RESULTS: Data from 10 years of followup were available for 112 (88.8%) of the 126 original trial participants. The median followup time was 11.9 years (95% confidence interval [95% CI] 11.3-12.5 years). In patients receiving AZA and those receiving MTX, the 10-year overall survival rates were 75.1% (95% CI 64.8-86.9%) and 79.9% (95% CI 70.3-90.8%) (P = 0.56), respectively, and relapse-free survival rates were 26.3% (95% CI 17.3-40.1%) and 33.5% (95% CI 23.5-47.7%) (P = 0.29), respectively. No between-treatment differences were observed with regard to rates of relapse, adverse events, damage, survival without severe side effects, and survival without relapse and severe side effects. In analyses limited to the 97 patients with GPA, no between-treatment differences in survival rates were observed. The 10-year relapse-free survival rate was lower in patients with GPA than in patients with MPA. However, in the multivariate analysis, anti-proteinase 3 antineutrophil cytoplasmic antibody (ANCA) positivity, and not GPA, was retained as being independently associated with the relapse rate.

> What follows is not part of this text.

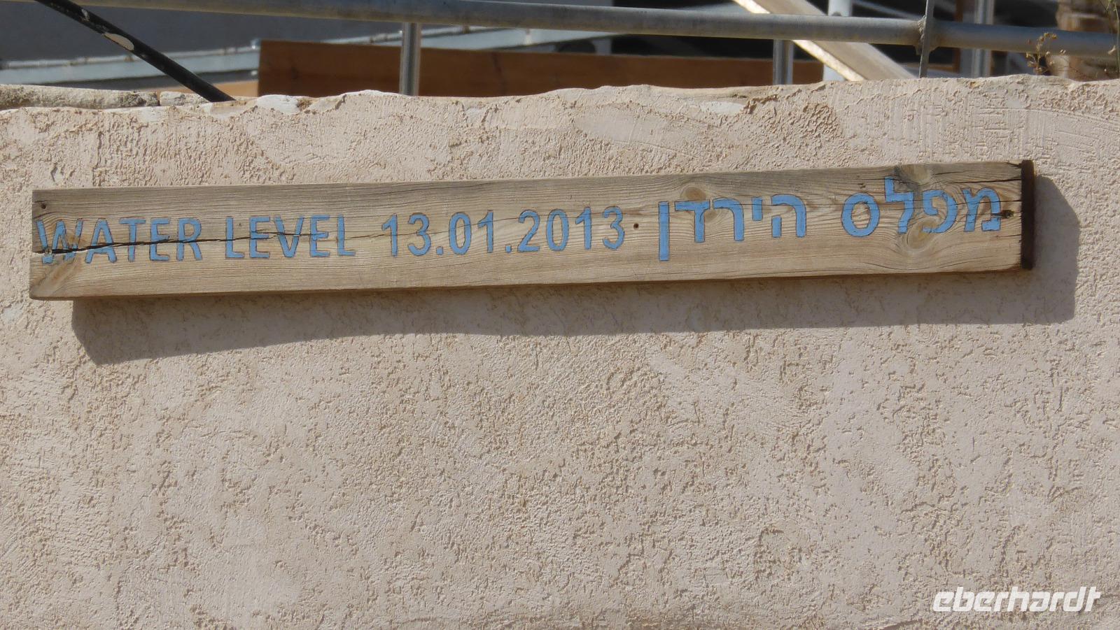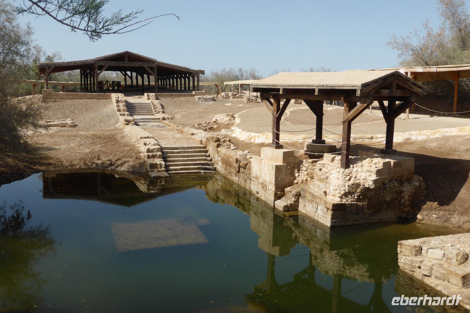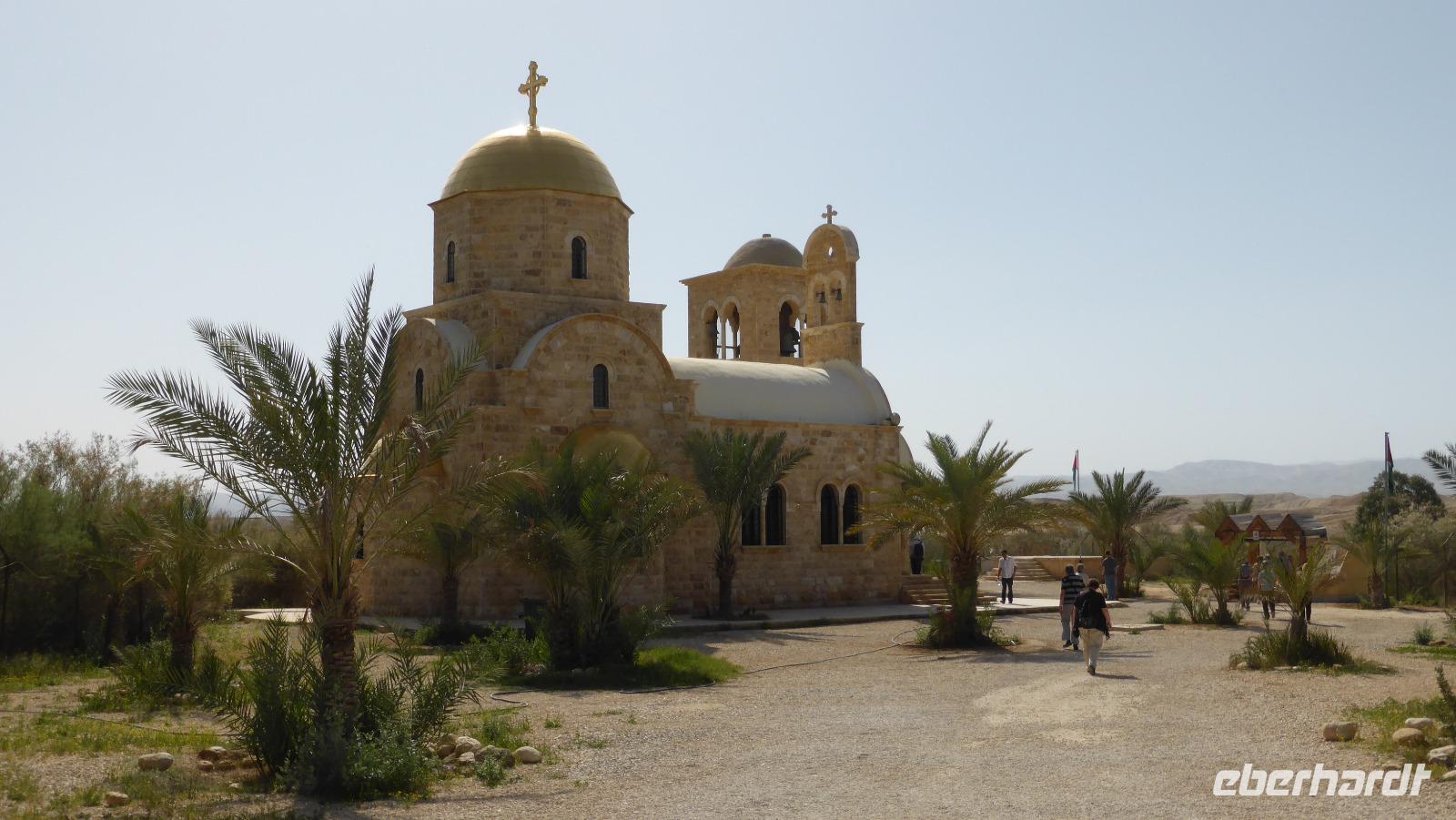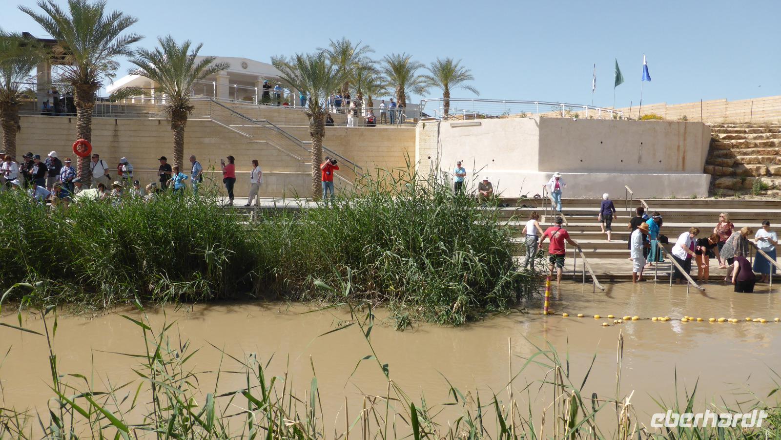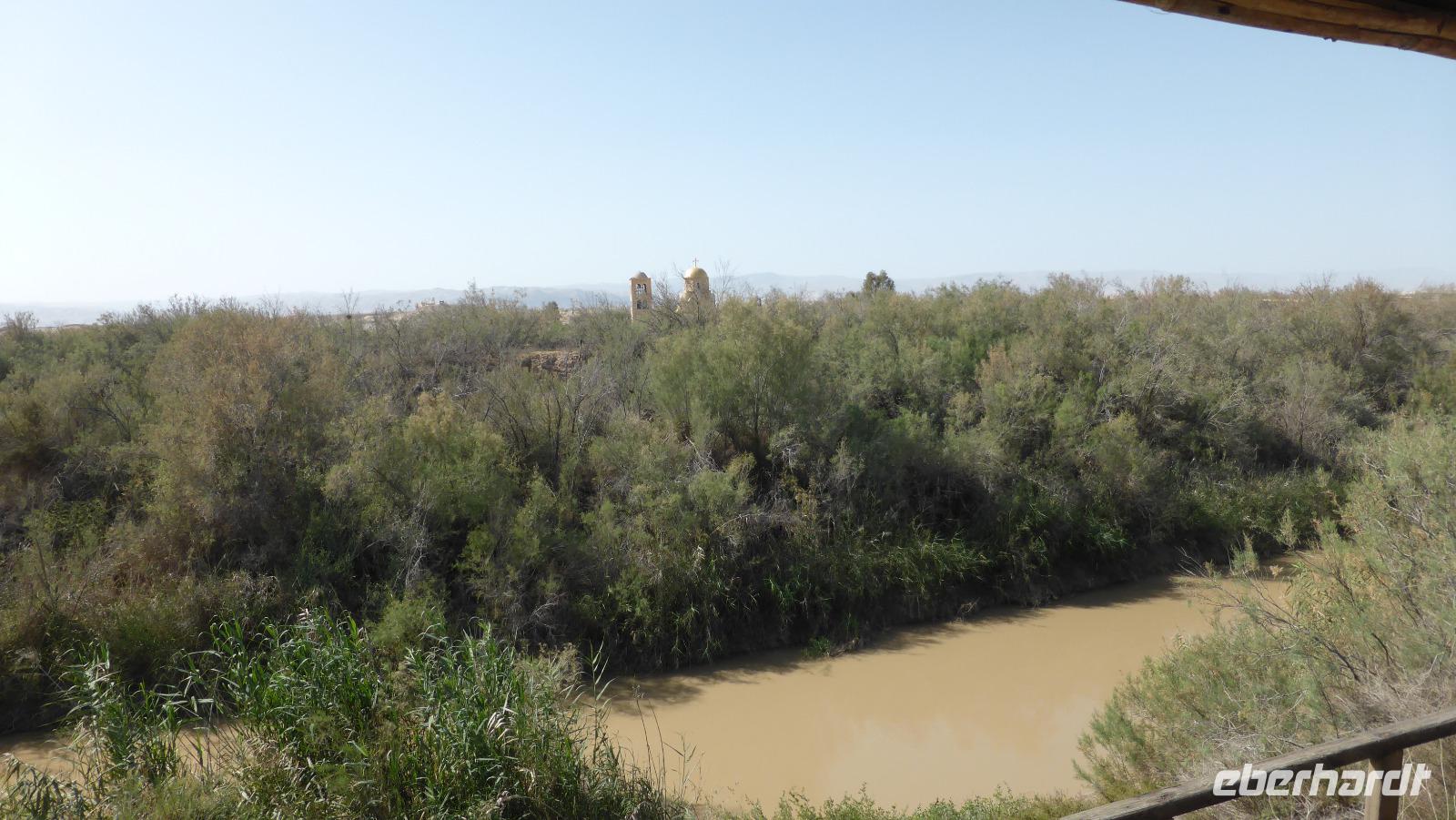 Im Ort Suweima befindet sich unser Hotel, welches wir bei der Vorbeifahrt schon mal flüchtig sehen. Zunächst wollen wir noch an den Jordanfluss fahren, zur Taufstelle von Jesus. Entlang der Johannesquelle laufen wir zu jener Stelle, wo Johannes der Täufer Jesus getauft haben soll. An diesem Ort wurde eine Kirche errichtet und nach jeden Erdbeben wieder aufgebaut. Auch der Papst war schon hier (Papst Johannes Paul der II im Jahr 2000). Der Jordanfluss hat im Laufe der Jahrhunderte seinen Lauf geändert. Und bildet heute den Grenzfluss zwischen Jordanien und dem von Israel besetzten Westjordanland. Für uns überraschend ist, dass wir direkt bis an den Jordan herankommen, 10 Meter gegenüber stehen die Besucher unter israelischer Flagge. Ein paar kleine Bojen in der Flußmitte markieren die Grenze. Es ist unser letzter Besichtigungspunkt.

CONCLUSION: The results of this long-term analysis confirm that AZA and MTX are comparable treatment options for maintaining remission of GPA or MPA. Despite achieving good overall survival with these treatments, relapse rates, adverse events, and damage remain matters of concern and further studies are needed to reduce their frequency in these ANCA-associated vasculitides.